What the exercise asks: Your task is to copy exactly the lines from the line containing "客户来自淘宝,说他的用友畅捷" through the end of the listing below, with pictures left out.

##########

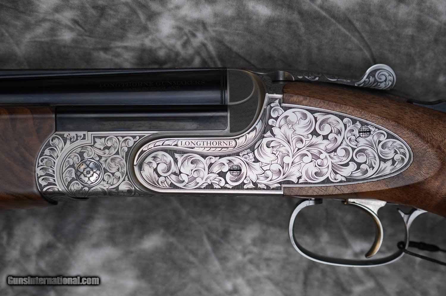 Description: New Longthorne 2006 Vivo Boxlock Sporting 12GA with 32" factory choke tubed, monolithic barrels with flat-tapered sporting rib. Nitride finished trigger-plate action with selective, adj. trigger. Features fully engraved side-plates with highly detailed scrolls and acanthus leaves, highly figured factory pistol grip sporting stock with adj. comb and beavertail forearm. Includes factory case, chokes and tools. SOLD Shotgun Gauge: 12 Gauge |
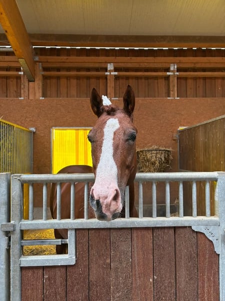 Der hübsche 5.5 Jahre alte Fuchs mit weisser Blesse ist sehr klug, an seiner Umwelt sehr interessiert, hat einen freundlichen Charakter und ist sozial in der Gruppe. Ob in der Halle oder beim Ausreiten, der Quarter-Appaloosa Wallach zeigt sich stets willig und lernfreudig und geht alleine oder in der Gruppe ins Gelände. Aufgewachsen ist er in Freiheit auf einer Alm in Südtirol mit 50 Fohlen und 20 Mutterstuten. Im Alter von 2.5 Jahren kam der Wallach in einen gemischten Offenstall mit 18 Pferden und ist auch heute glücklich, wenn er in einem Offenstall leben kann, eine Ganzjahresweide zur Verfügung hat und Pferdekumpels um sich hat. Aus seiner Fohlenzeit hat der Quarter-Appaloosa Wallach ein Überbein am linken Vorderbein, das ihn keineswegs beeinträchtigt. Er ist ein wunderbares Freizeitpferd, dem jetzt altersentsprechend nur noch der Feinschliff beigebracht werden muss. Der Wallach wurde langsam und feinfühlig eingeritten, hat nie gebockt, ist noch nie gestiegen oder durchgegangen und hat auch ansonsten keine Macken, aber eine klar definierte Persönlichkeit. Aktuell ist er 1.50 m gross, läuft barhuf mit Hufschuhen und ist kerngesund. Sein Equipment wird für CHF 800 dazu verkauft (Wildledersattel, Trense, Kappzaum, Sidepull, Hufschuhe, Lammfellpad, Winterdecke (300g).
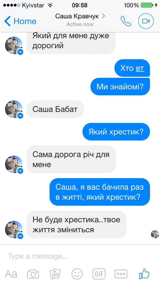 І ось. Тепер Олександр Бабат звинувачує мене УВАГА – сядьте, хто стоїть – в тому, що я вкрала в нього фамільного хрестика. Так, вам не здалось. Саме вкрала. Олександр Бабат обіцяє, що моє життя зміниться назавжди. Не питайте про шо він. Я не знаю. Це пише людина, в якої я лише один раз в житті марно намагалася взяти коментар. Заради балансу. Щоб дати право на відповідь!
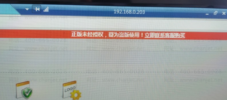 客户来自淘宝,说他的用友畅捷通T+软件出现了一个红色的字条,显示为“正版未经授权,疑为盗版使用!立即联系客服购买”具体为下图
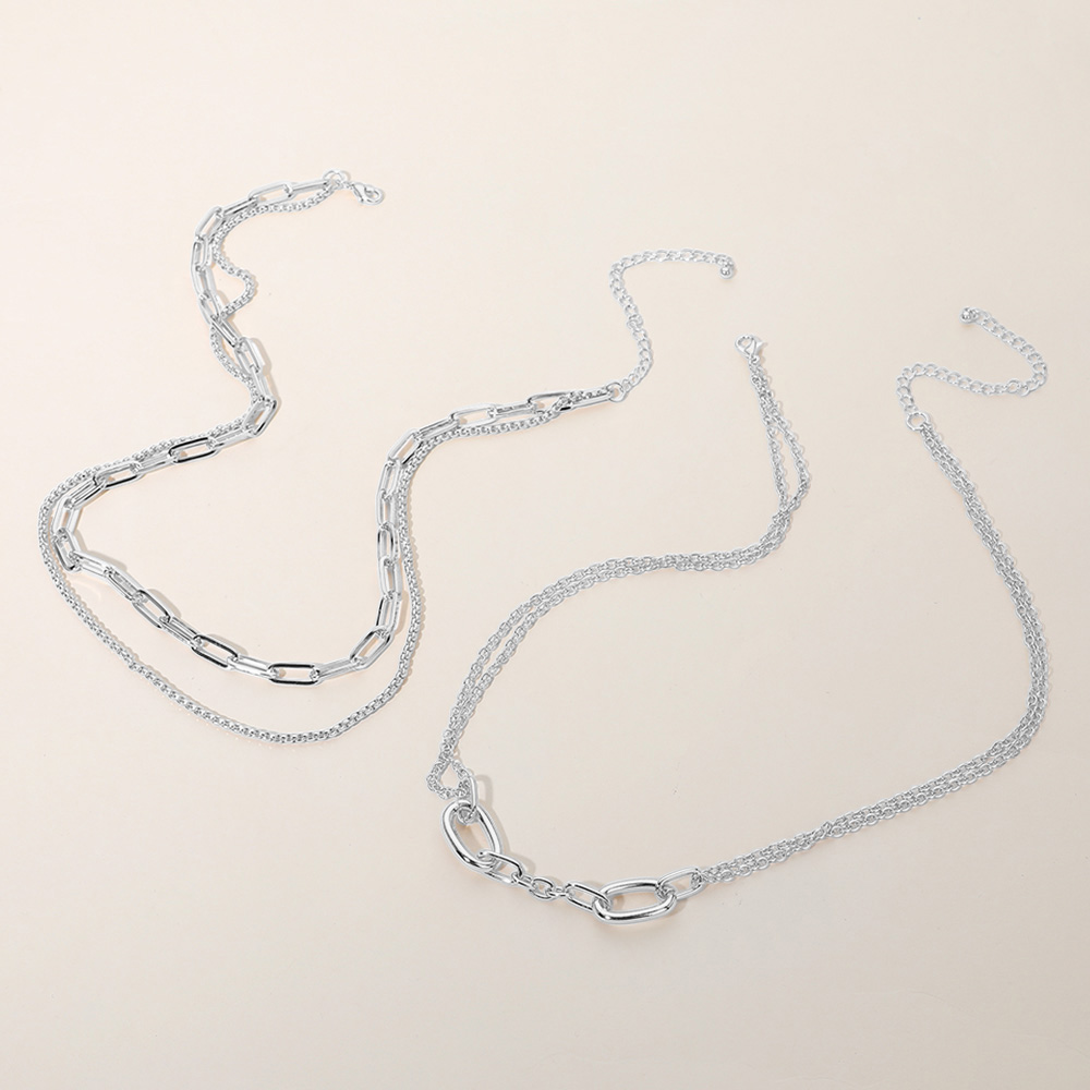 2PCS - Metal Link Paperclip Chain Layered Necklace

##########

Task output:
 客户来自淘宝,说他的用友畅捷通T+软件出现了一个红色的字条,显示为“正版未经授权,疑为盗版使用!立即联系客服购买”具体为下图
 2PCS - Metal Link Paperclip Chain Layered Necklace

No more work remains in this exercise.